BEGIN Record extracts

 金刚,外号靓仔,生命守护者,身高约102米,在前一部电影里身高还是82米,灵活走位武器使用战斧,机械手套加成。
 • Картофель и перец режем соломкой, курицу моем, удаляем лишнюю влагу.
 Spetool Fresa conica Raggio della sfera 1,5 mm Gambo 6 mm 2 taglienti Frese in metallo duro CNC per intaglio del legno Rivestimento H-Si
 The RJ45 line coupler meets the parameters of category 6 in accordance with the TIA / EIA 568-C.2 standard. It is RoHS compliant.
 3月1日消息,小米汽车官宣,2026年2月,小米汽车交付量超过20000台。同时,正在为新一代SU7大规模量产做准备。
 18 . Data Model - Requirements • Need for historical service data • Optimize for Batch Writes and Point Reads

END Record extracts
BEGIN Record extracts

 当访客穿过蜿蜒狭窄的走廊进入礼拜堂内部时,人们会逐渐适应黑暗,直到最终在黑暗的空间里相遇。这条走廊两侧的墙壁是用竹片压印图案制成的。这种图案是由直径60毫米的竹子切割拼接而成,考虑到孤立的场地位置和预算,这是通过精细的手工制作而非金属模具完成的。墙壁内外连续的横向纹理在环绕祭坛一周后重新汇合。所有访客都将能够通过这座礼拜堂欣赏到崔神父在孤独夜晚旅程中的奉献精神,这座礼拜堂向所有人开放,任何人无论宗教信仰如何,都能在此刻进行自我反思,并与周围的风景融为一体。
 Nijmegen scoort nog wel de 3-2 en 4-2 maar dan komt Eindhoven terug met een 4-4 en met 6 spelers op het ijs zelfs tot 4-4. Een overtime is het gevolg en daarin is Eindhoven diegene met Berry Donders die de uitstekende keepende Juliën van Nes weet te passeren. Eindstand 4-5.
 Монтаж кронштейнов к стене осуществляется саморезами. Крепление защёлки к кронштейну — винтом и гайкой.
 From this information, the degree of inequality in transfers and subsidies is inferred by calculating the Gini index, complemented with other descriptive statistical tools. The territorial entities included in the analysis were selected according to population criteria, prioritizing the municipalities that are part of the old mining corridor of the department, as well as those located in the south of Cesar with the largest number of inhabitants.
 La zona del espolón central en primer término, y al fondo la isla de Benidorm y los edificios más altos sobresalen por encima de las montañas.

END Record extracts

#### Exercise instructions
Identify the lines in the entries that hold "with" and return each one.

#### Output
 The RJ45 line coupler meets the parameters of category 6 in accordance with the TIA / EIA 568-C.2 standard. It is RoHS compliant.
 From this information, the degree of inequality in transfers and subsidies is inferred by calculating the Gini index, complemented with other descriptive statistical tools. The territorial entities included in the analysis were selected according to population criteria, prioritizing the municipalities that are part of the old mining corridor of the department, as well as those located in the south of Cesar with the largest number of inhabitants.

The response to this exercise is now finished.